Falcon Minerals (NYSE: FLMN) represents an asymmetric opportunity to buy a mineral royalty interest owner with minimal leverage in one of the leading oil basins in the world (the Eagle Ford) at a valuation that provides double-digit FCF yields in the current stressed environment with room for significant valuation expansion potential driven by three main potential catalysts:

1) Potential closing of ~30-60% market valuation discount to relevant comps (BSM, KRP, VNOM)

2) Production levels returning to historical averages (published new well activity in Jan/Feb alone provides indications this may be happening in real time)

3) Oil prices recovering from the recent lows driven by coronavirus concerns and the Saudi price war

Background: Falcon Minerals manages and acquires mineral rights royalty interests, primarily in the Eagle Ford in south Texas. Blackstone owns ~45% of the company (originally structured as a SPAC), and management owns 11%. Currently, FLMN has ~1,867 wells producing in the Eagle Ford, with “line of sight” on an additional ~220 wells that have been permitted to come online and produce additional revenue. Falcon claims their assets are “core-of-core”, with primarily “Tier One” operators (COP, BP/DVN, EOG) in Karnes, Dewitt, and Gonzales counties – the highest producing counties in the Eagle Ford – and significant undeveloped acreage.
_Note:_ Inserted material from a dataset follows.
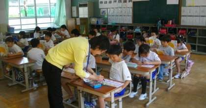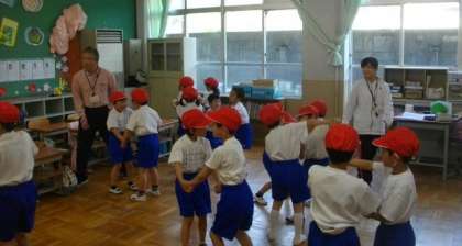 「じょうずにかけましたね。はらうところがいいですね。」先生に○をもらって,ちょっぴり照れくさそうにしているお友達もいます。1年生は,かんたんな体ほぐしの体操を歌に合わせて行っています。

Valuation: The company had already seen its share price cut in half prior to the coronavirus + Saudi price war volatility in oil in recent weeks, and is now down ~75% over the last year. Falcon Mineral’s total enterprise value is currently ~$240m with ~$40M of debt on a ~4.3% interest rate revolver, indicating a forecasted 2020 FCF Yield of ~15-20% based on the company’s range of production guidance and the current WTI strip. At ~3.7x EV/TTM EBITDA, FLMN appears to be trading at a 30-50% discount to comparable public companies, providing a potential catalyst for value creation if the company hits its production guidance and multiples expand or oil prices recover more quickly than the WTI strip currently projects. 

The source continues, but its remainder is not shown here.